Managing saliva problems
Motor neurone disease (MND) is a progressive and terminal disease that attacks the motor neurones, or nerves, in the brain and spinal cord.
Many people with MND will experience problems with saliva, which can be difficult to control. All management options should be explored, as it is often a case of trial and error to find the right solution.
A tool can be used to assess the scale and impact of saliva problems. Research has highlighted the clinical saliva score for MND (CSS-MND) to be an easy-to-use tool to assess and reflect the impact of saliva problems, although the research has highlighted some areas for the improvement of this tool.
The consultant or specialist nurse will usually manage saliva problems, either with:
- self-help techniques
- organising equipment/treatment.
This may vary where the specialist centre is not within easy reach. A speech and language therapist or physiotherapist may be able to provide suggestions or strategies to help with saliva control.

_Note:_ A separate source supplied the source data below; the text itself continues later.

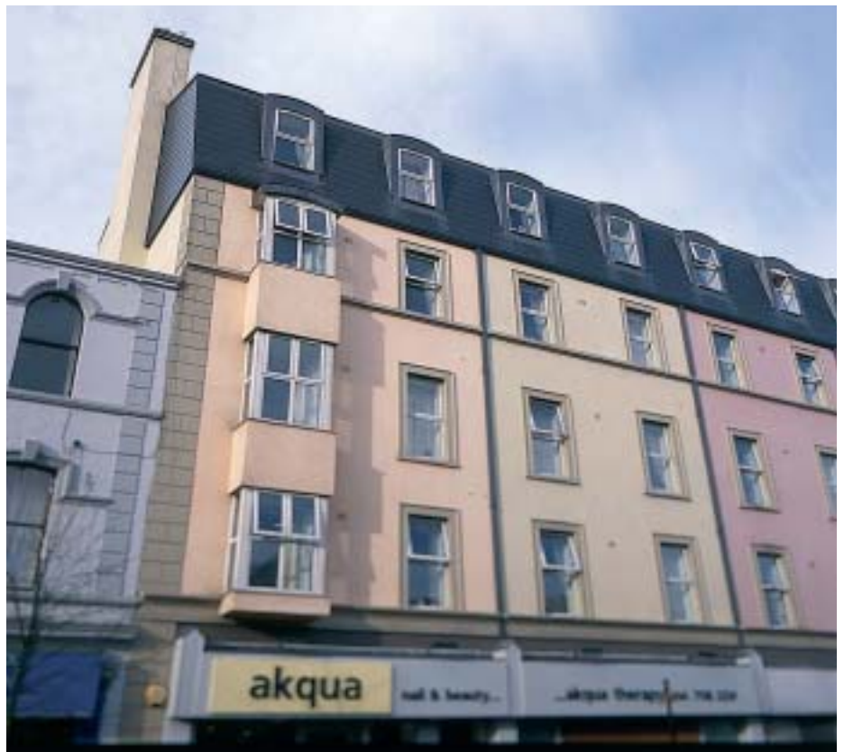
Successful provision of residential accommodation over shops. Londonderry

5.19 Living Over The Shop can make a small but valuable contribution to the promotion of high-density development. However, such forms of mixed use do not suit all tenants (e.g. families and special needs groups).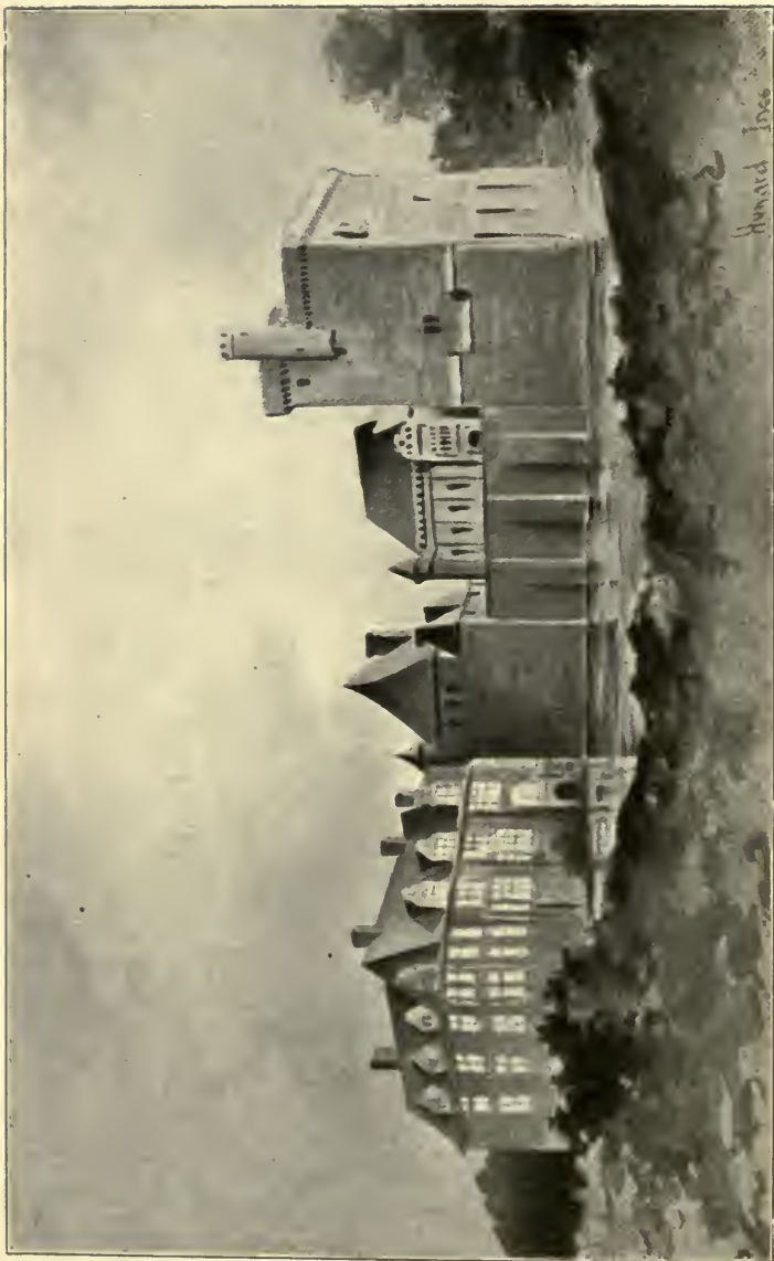
THE CASTLE OF ZENDA.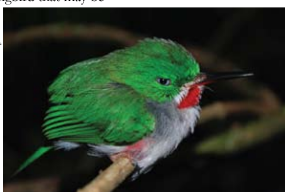
A NARROW-BILLED TODY, ONE OF THE ENDEMIC SPECIES THAT STANDS TO BENEFIT FROM HABITAT CONSERVATION EFFORTS.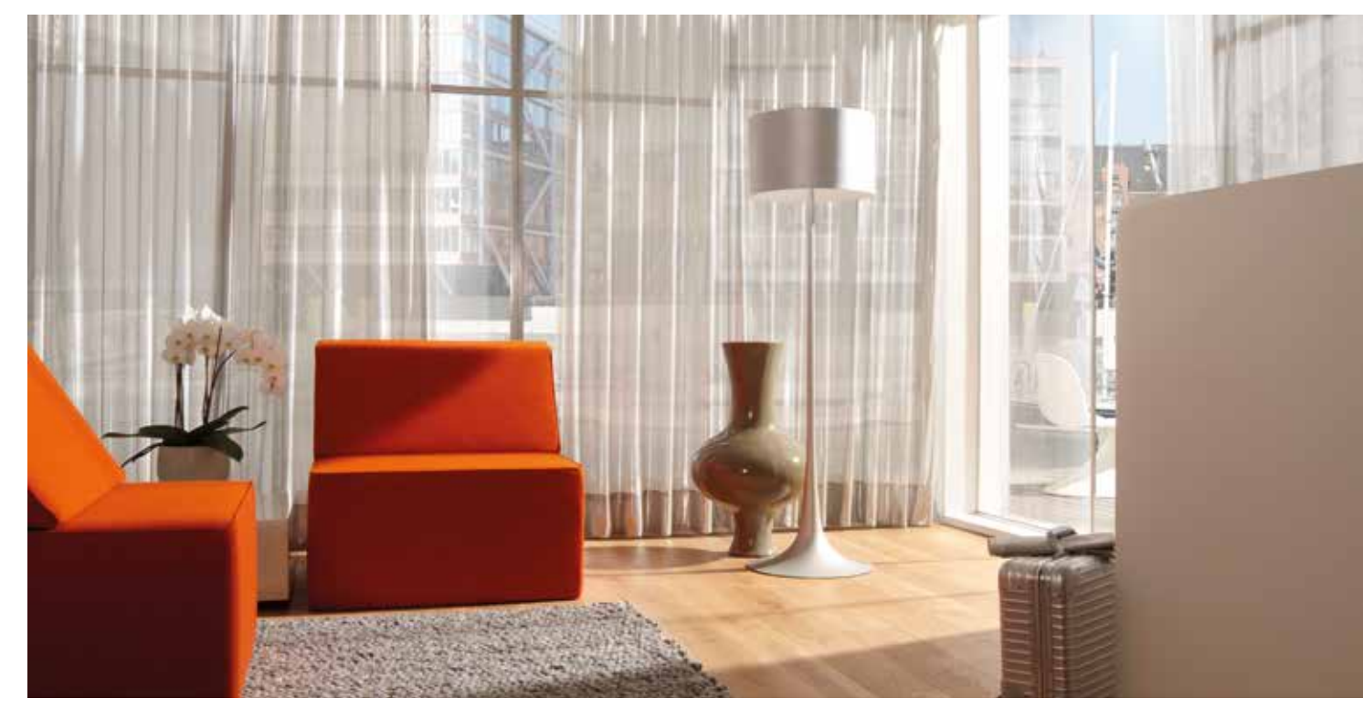
Energy-efficient DELITHERM curtain fabrics from DELIUS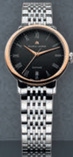
N°147.2 TRADITION LC6063-PS102-310 Automatic movement, Ø 28 mm stainless steel case/18K pink gold bezel.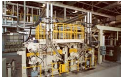
Küsters hot soft-nip calender, 4-nips—puts gloss on paper and smoothes surface for printing. Only four nip calender pilot coater in the world.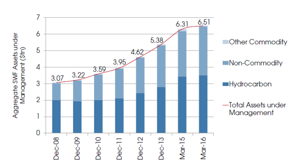
Figure 1: Global Sovereign Wealth Fund AUM (USD tn)<sup>39</sup>

Figure 2 shows the AUM attributable to the top 10 SWFs in the first half of 2015 and the first half of 2016. We find that the top 10 SWFs control approximately 78% of total SWF AUM as of the first half of 2016.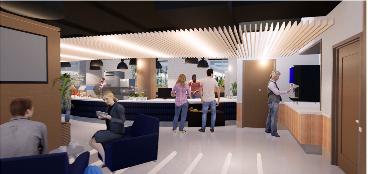
Rendering of new café area with food prep, display, and transaction counters.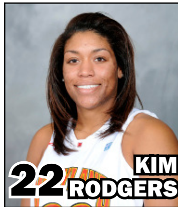
Jr. • G • 5-9 • Virginia Beach, Va.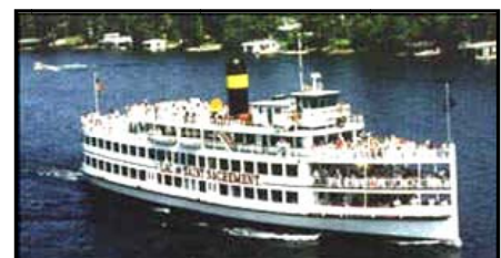
Lac du Saint Sacrement Cruise Ship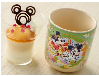
Kinako Mousse & Milk Jelly 550 yen With Souvenir Cup: plus 650 yen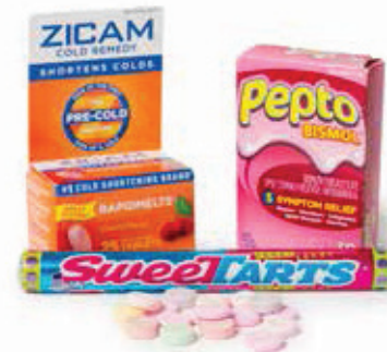
CANDY CHEWABLE MEDICINE TABLETS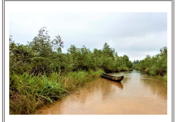
The canoe for public use on Lexington Creek.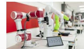
Robot system solution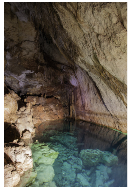
Figure 1. Spelunking for stygobionts. Brackish waters in Cova de Cala Varques, located on the eastern coast of Mallorca. This body of brackish waters, separated from the underlying sea-water by a major halocline, is a typical habitat for the amphipod Metacrangonyx longipes.

The distribution of any biological entity — be it a species, a group of species, or a population — can be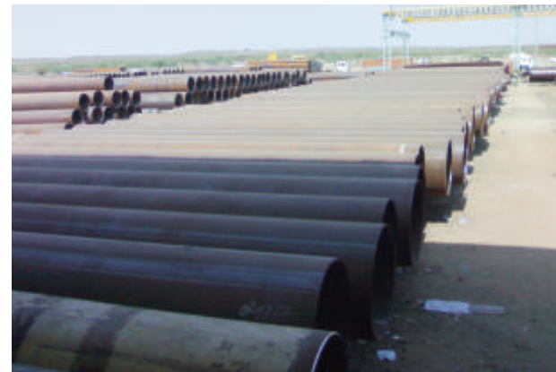
API 5L X 65/70 line pipes, with 3LPE coating inspected for export to Nigeria. More than 1000Kms of Pipe Lines Inspected for clients in various countries.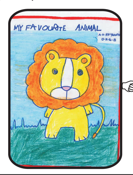
V. VISHRUTH (UKG-C)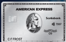
The Platinum Card®

This is our way of saying “thank you” every time you spend on your Card.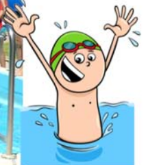
Champions and Runners-Up across the secondary age groups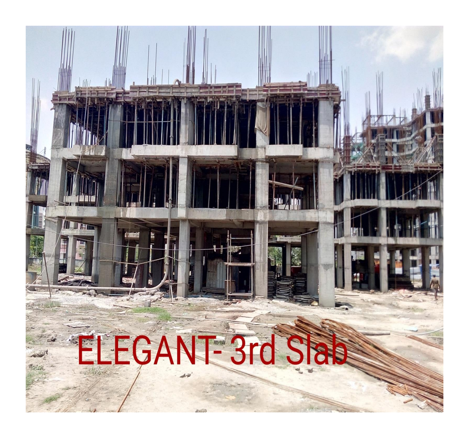
ELEGANT -3rd SLAB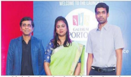
భవిష్యత్లో టీమిల్ టెన్నిస్, టెన్నిస్, ఫుట్ బాల్, అడ్రెటిక్స్, సిమ్మింగ్, వాలీబాల్, బాస్కెట్ బాల్, సాఫ్ట్ బాల్, క్రీకెట్, జిమ్నాస్టిక్స్, బాక్సింగ్, స్వూరర్, హాకీ, టేబిల్ టెన్నిస్, యమ్, స్పెటింగ్, జూడో, రెక్వాండో, క్రూటి, వేస్, మాటింగ్, అర్చరీ, రెజ్లింగ్, ఫెర్టింగ్, కబడ్డీ, యోగా క్రీడాశాలలోనూ అలాంటివి నెలకొల్పాలని గాడియమ్ స్కూల్ భావిస్తుంది.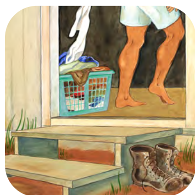
Quítese las botas antes de entrar a la casa.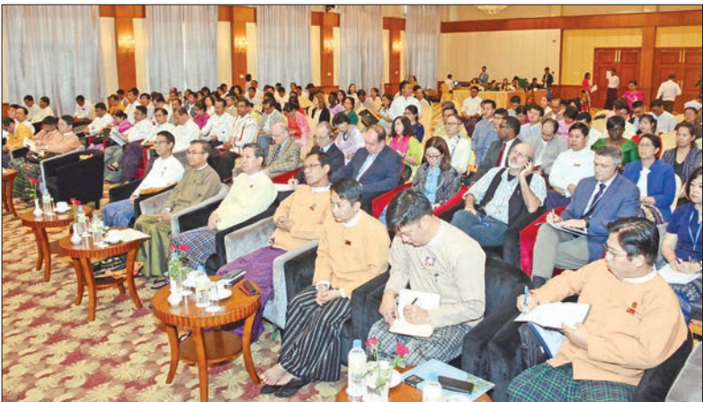
Union Minister for Health and Sports Dr Myint Htwe addresses the second coordination meeting of National Nutrition Steering Committee in Nay Pyi Taw yesterday.

THE second coordination meeting of National Nutrition Steering Committee was held at the Horizon Lake View Hotel in Nay Pyi Taw yesterday morning. Union Minister for Health and Sports Dr Myint Htwe, the chairman of the committee, presided over the meeting, with emphasizing the importance of nutrition for the multi-sectoral development of the country. He also said his ministry is implementing the five-year Multi-sectoral National Plan of Action on Nutrition (MS-NPAN) 2018-2023, while Myanmar is expanding vaccination programme and actively participating as a member country in the Scaling Up Nutrition (SUN) movement for reducing malnutrition in

A speech and language therapist can:
- help to identify any problems that may be present. These may include poor lip seal and/or weakness in oral and facial muscles or the tongue. All of these can contribute to problems with saliva management
- give advice on different swallowing techniques that may make swallowing easier.
A physiotherapist can give advice on:
- cough management techniques, which may help to cough up thick, tenacious saliva.
- postural problems and ways to alter the person’s position. In some cases, improving posture may help to control the flow of saliva. Neck weakness and a drooping posture can cause the head to tilt forward, and saliva may flow through the lips before it can be swallowed
- head supports or neck collars, which may improve the posture of the person with MND.
If a person with MND has problems with saliva, assess the volume and viscosity of the saliva and the person’s respiratory function, swallowing, diet, posture and oral care. If a person with MND has problems with drooling of saliva (sialorrhoea), provide advice on swallowing, diet, posture, positioning, oral care and suctioning.
- Medication should always be prescribed by a doctor or a professional trained as a prescriber.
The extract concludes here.